## Description of the task
Only the lines running from the line with "2020年度 U10 チャンピオンシップの組み合わせが決定しました。" to the end of the listing below should be copied, exactly, without pictures.

## Excerpted records
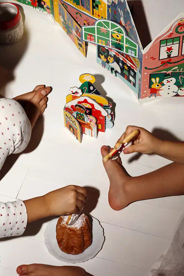 Un imagier pour retrouver en images l’atmosphère si particulière des jours qui précèdent Noël: les chants, les petits sablés, le houx qui décore la maison, la neige, le sapin que l’on va chercher et que l’on décore, l’écriture de la lettre au Père Noël… Le premier livre de Noël de bébé.
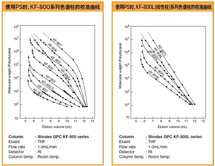 GPC KF-805是標準的油溶性SEC色譜柱,適用于從低分子量到高分子量的寬范圍的樣品。流動相是THF。
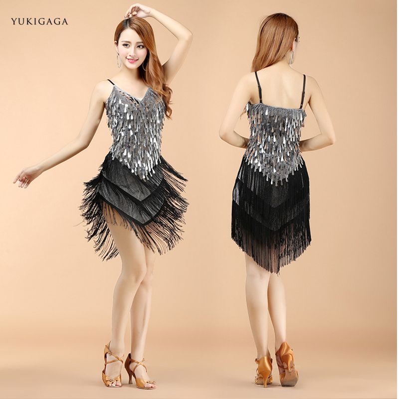 Compre Vestidos De Baile Latino Falda De Baile De Salon Con Flecos Vestido De Lentejuelas Con Borla Lirica Vestido De Tango De Moda Para Mujer A
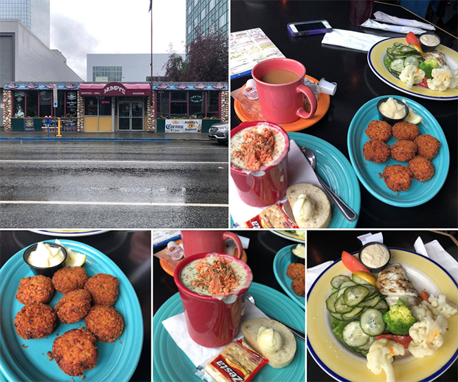 We were only in Anchorage, Alaska long enough for one meal, and I think we chose well with Humpy’s Great Alaskan Alehouse! Dawn got a grilled halibut and veggie plate, which was very good, and I got very tasty crab cakes and some of the best chowder I had on our trip. Recommend.
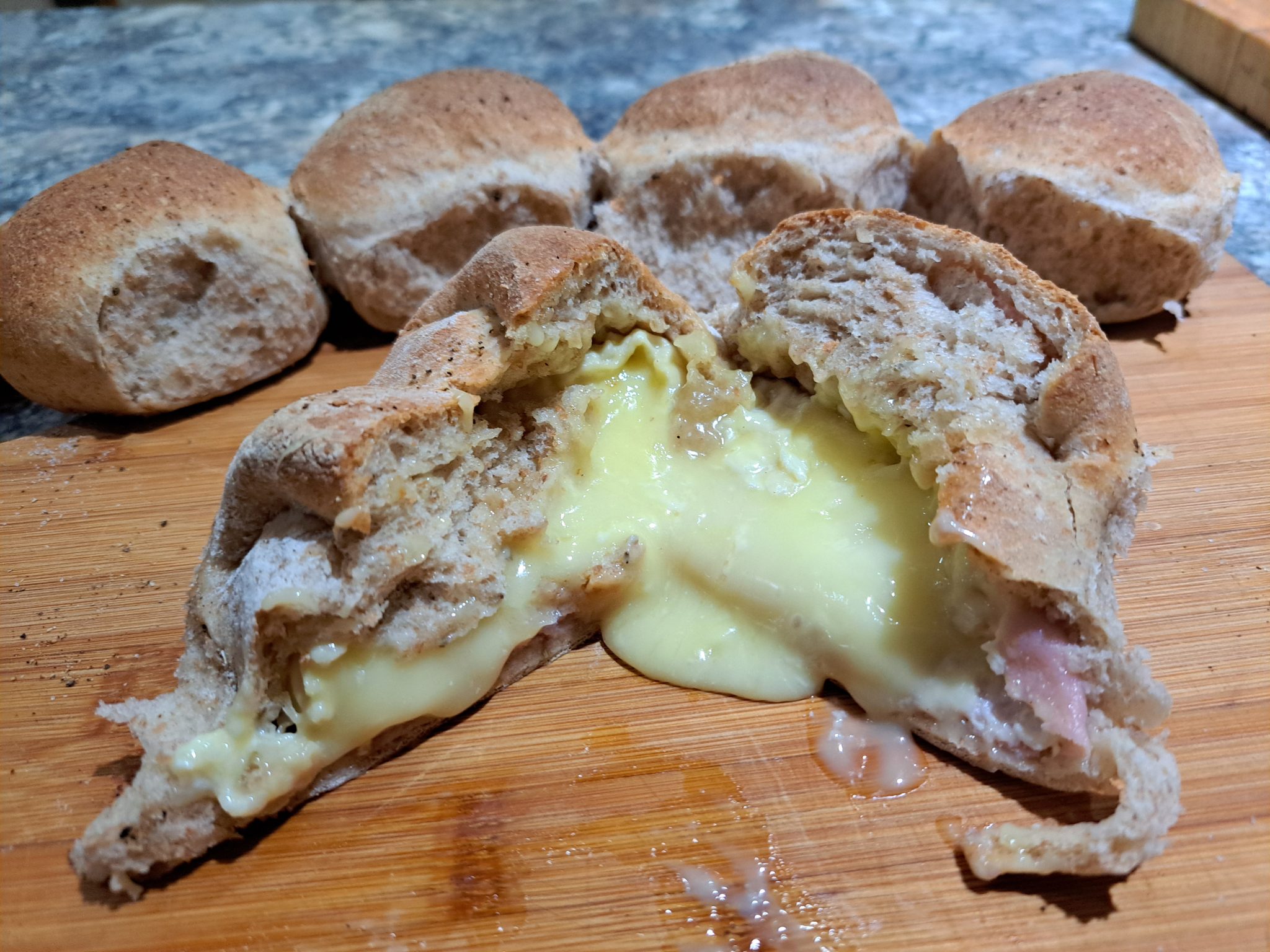I was particularly pleased that the cheap deli ham had prevented the cheese from giving the loaf a soggy bottom. There was more that enough for two people, meaning those rolls will come in handy for lunch!
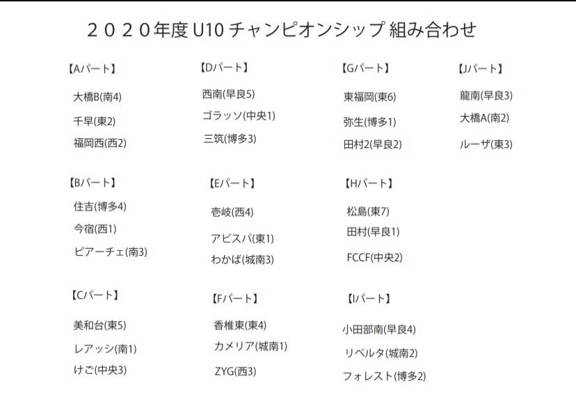 2020年度 U10 チャンピオンシップの組み合わせが決定しました。
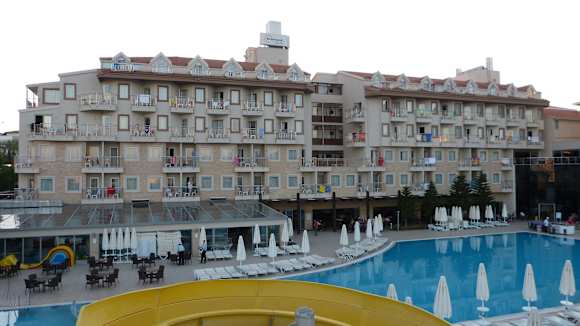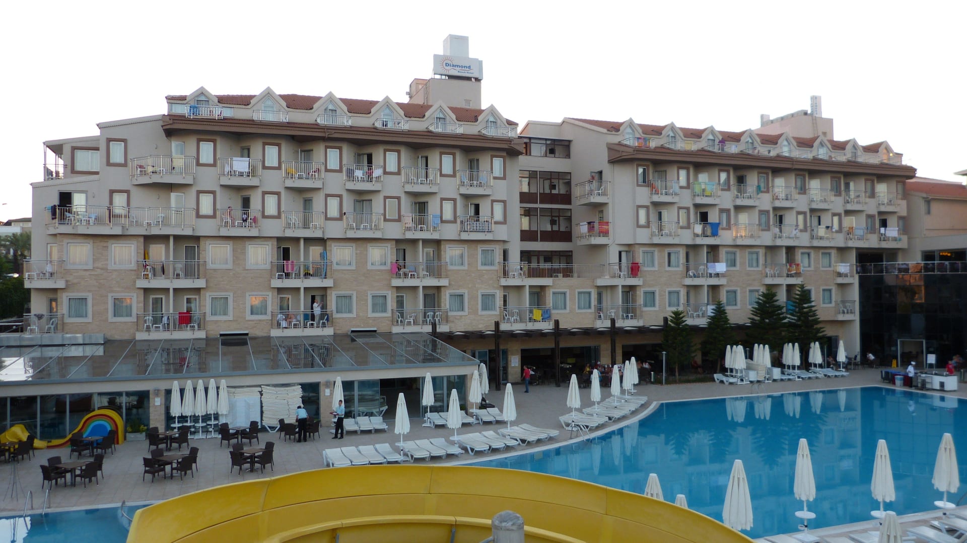 Blick von der Rutsche zum Hotel

## Task answer
 2020年度 U10 チャンピオンシップの組み合わせが決定しました。
 Blick von der Rutsche zum Hotel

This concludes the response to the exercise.